Again it can be mentioned that regarding sex discrimination in respect of giving

the child in adoption that after the amendment both male and female has a equal right to

give the child in adoption. Before the Act section 8 lays down that a father can give a

child and after him his wife can give the child in adoption which provides absolute right

to a male Hindu to adopt a child of another. Only after the death of the father of the

child the mother could give the child in adoption. In other words during the life time of

the father, the mother had no right to give the child in adoption. But now Section 4 of

the Personal Law (Amendment) Act has amended Section 9 and lays down that the

father and mother of a child has equal right to give their child in adoption, but they must

gives the consent to give the child in adoption.

128
3.11Criticism of the Hindu Adoption and Maintenance Act

On the basis of the above study the researcher has criticised the Hindu Adoption

and Maintenance Act, 1956 on the following grounds-

I. The Hindu Adoption and Maintenance Act is not a child oriented legislation.

According to Hindu Adoption and Maintenance Act the child who may be adopted must

be a Hindu, must not be a Muslim, Christian, Parsi. The view of respondents (social

workers) on the interview also lays down the same. According to them the Hindu

Adoption and Maintenance Act incorporates the law of adoption as an institution for the

benefit of only issueless parent but remains silent on the welfare provision of child.

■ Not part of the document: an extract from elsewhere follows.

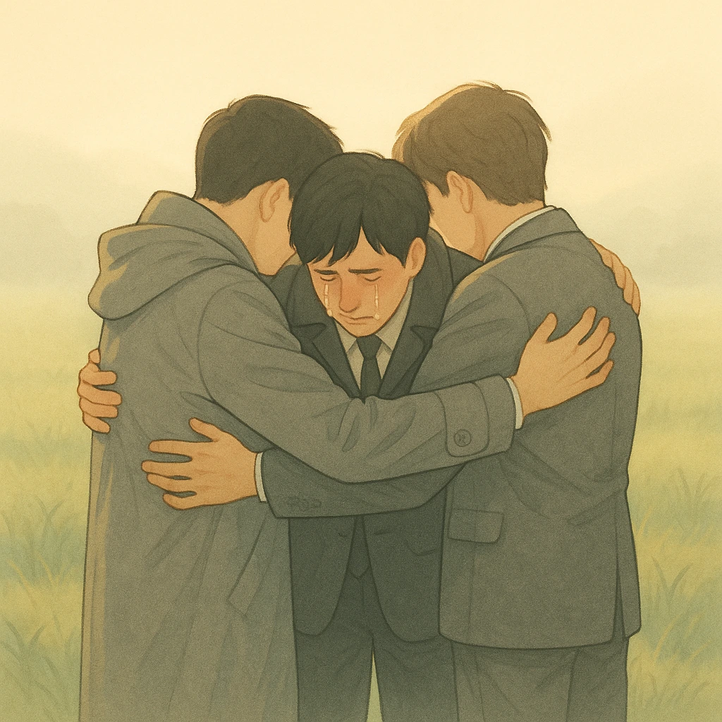발인 날, 아침부터 내리는 비는 장지에 도착해서도 멈추지 않았다. 재호가 먼저 아버님 사진과 함께 걸어갔다. 우린 재호 아버님을 감싼 하얀 천을 들고 뒤따라갔다. 잘 관리된 잔디였지만 발을 옮길 때마다 질퍽거렸다. 행여 불편하실까 봐, 떨리는 손으로 천을 더욱 꽉 쥐었다. 걸을 때마다 풍겨오는 비 냄새는 진흙과 섞여 코를 찔렀다.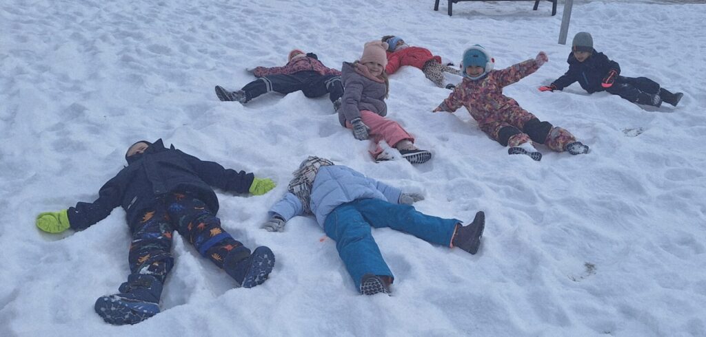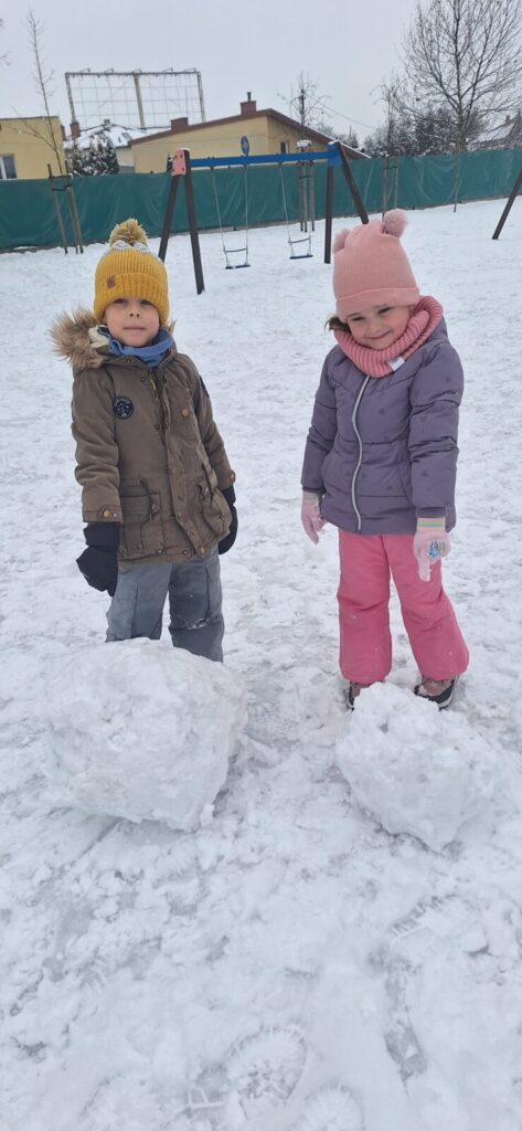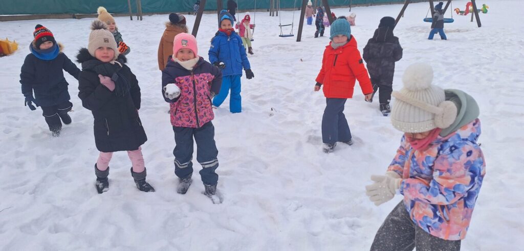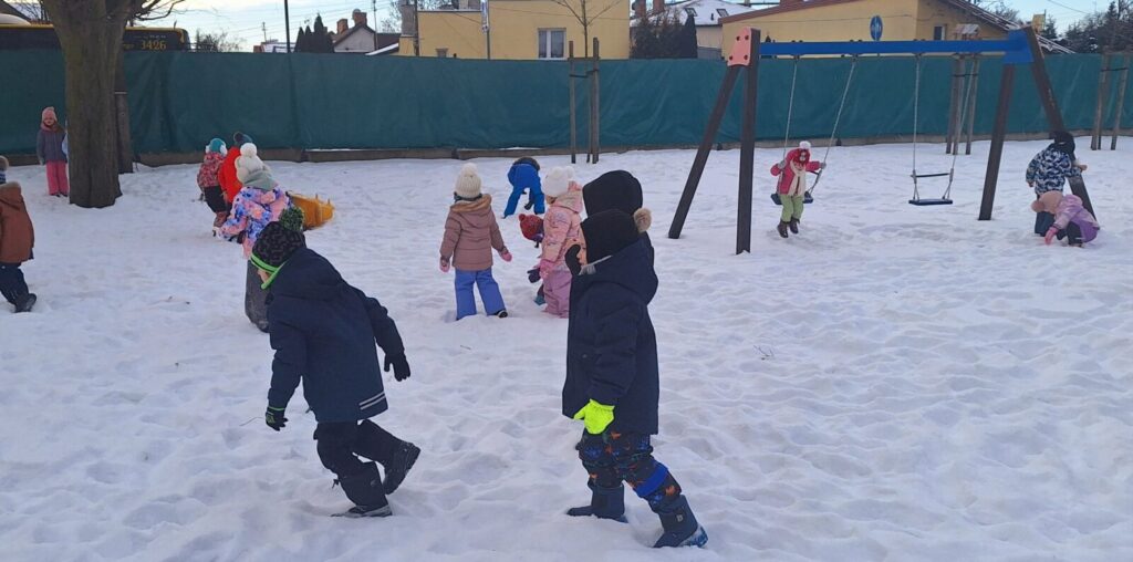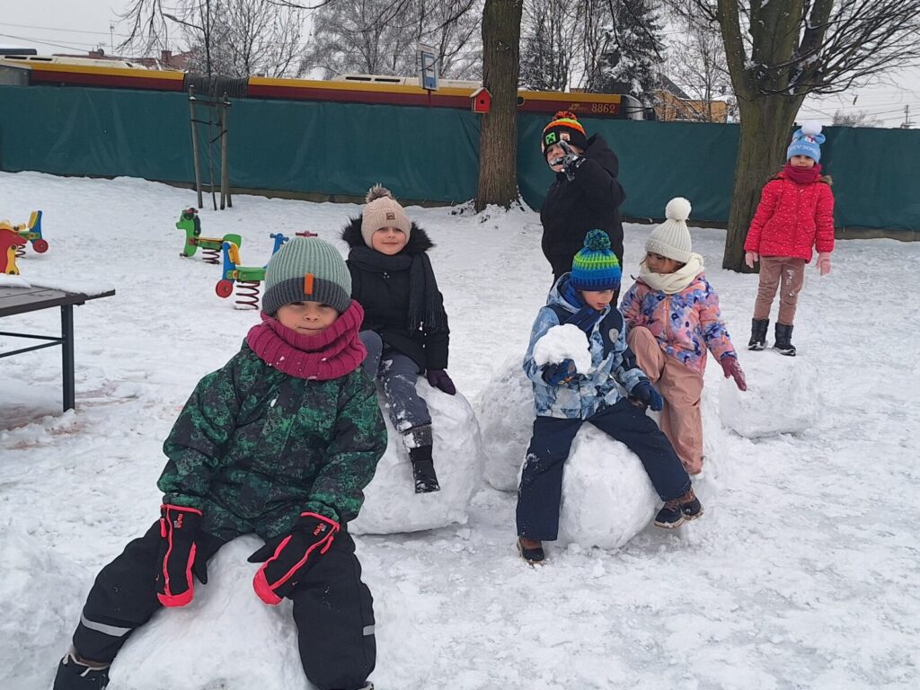 Zdjęcia przedstawiają dzieci w trakcie zabaw i obserwacji zimowej pogody w przedszkolnym ogrodzie. Podziwiały drzewa pokryte śnieżną kołdrą, ptaki, karmnik, sopelki zwisające z dachu przedszkola, lepiły bałwanka i śnieżynki. Było mroźnie, ale wesoło i radośnie.

According to the Act a Hindu cannot adopt a son if he or she has a son or grand-son,

again he cannot adopt a daughter if he or she has a daughter or grand-daughter. So a

Hindu having a son is prohibited to adopt a son who is orphan and who needs a family

for his well development.

II. Hindu Adoption and Maintenance Act provides the determination of adoptive

mother and step-mother in four situations i.e. in case of adoption made by a married

Hindu during the life time of her husband or subsistence of her marriage, adoption made

by a widower or bachelor after remarried or married and widow or an unmarried

woman. But it does not cover other corner such as----

A. Adoption made by widow who does not marry then whether the child

adopted would also become the child of the deceased husband, conversely

whether the adopted child of the widower would also become the child of the

deceased husband is not clearly mentioned in the Act.

129
B. In case of adoption made by a divorced husband whether the divorced wife

would become adopter mother of the child and conversely where the

divorced wife adopt a child whether the child entitled any right from the

divorced husband of his adopted mother is not specifically mentioned.

III.The Hindu Adoption and Maintenance Act is not an exhaustive legislation.

The same view is given by the respondent (social workers) in the interview schedule

(Question No.2). It does not precisely prescribe the procedure of adoption. Only proper

or actual giving and taking procedure is prescribed. Again it does not provide the

provision of penalty. After adoption the adopted child is entitled equal right with the

natural born child in the adoptive family. After adoption the child may be deprived his

right or an adoptive parent may treated the child with cruelty. But the Act does not deal

with these provisions.

V.The Hindu Adoption and Maintenance Act provides that consent of the spouse

is not required at the time of adoption when he or she convert to other religion or

becomes unsoundness of mind. But the Act does not deal with the reconversion of the

spouse after adoption. After adoption when the spouse reconvert to Hindu what will be

the status of that adoption, is not prescribed by the Act.

From the above discussion we can say that Hindu Adoption and Maintenance

Act is not a complete Act which deals only with the welfare of the parent but not with

the welfare of the child. So it should incorporate the provisions, which are not

incorporated by the enactment. The respondent (social workers) of interview schedule

also mentioned that the adoption provision under the Hindu Adoption and Maintence

Act should be abolished or should be amended.